▶ [WORK INSTRUCTIONS] What is needed is an exact copy of the listing, with no pictures in it.

▶ [RECORDED INFORMATION]

= = = = =

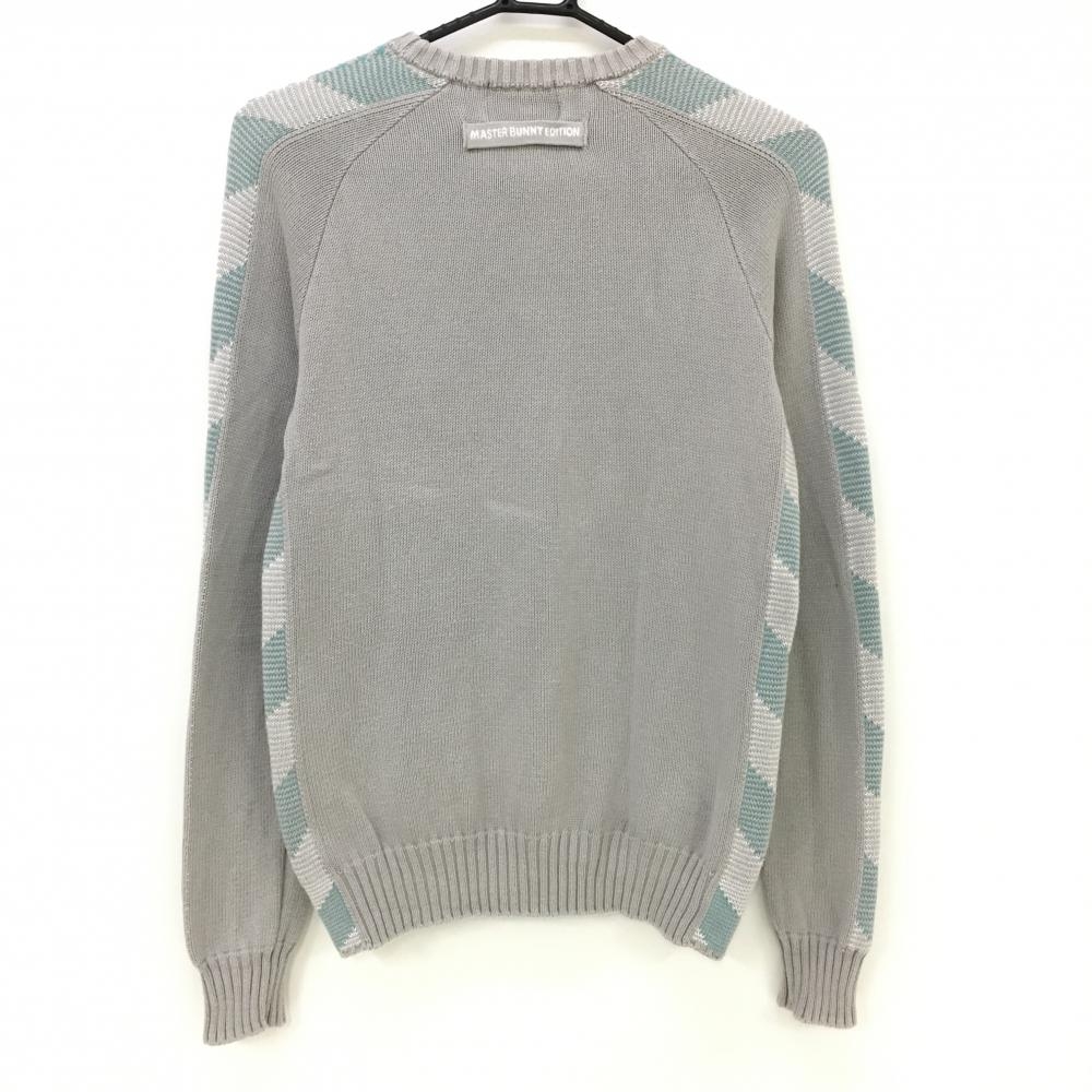 【美品】マスターバニー セーター グレー×ライトブルー サイドヘリンボーン柄 レディース 0(S) ゴルフウェア MASTER BUNNY EDITION
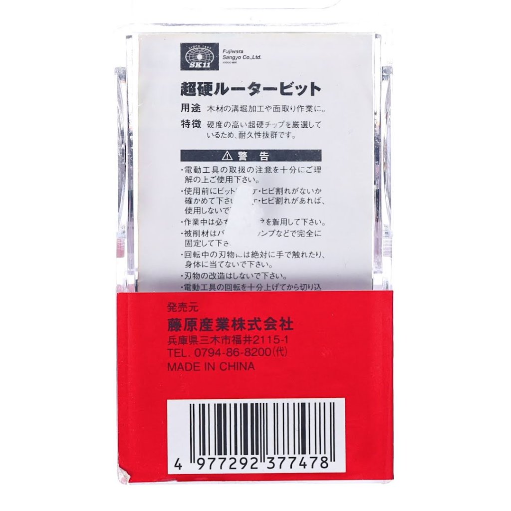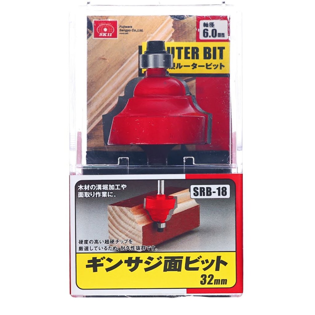 The SK11 Tungsten Carbide Tipped Router Bit, model SRB-18, is ideal for grooving and chamfering wood. This high-quality bit features a durable tungsten carbide tip, ensuring exceptional longevity. With a 32 mm size and a 6 mm shank diameter, it is designed for precision trimming tasks. The bit measures 32 mm in width, 70 mm in height, and 32 mm in depth, weighing 120 g.
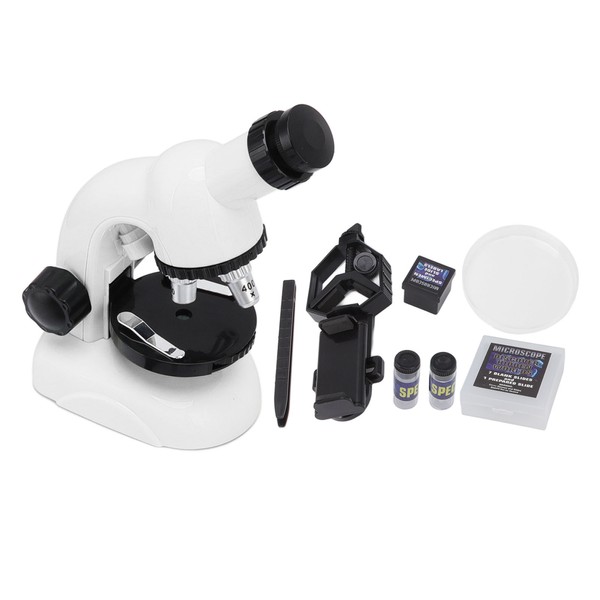 Kids Microscope Science Kit HD Magnifying Glass Student Biological Microscope for Biological Science Experiment White

= = = = =

▶ [WORKED SOLUTION]
 【美品】マスターバニー セーター グレー×ライトブルー サイドヘリンボーン柄 レディース 0(S) ゴルフウェア MASTER BUNNY EDITION
 The SK11 Tungsten Carbide Tipped Router Bit, model SRB-18, is ideal for grooving and chamfering wood. This high-quality bit features a durable tungsten carbide tip, ensuring exceptional longevity. With a 32 mm size and a 6 mm shank diameter, it is designed for precision trimming tasks. The bit measures 32 mm in width, 70 mm in height, and 32 mm in depth, weighing 120 g.
 Kids Microscope Science Kit HD Magnifying Glass Student Biological Microscope for Biological Science Experiment White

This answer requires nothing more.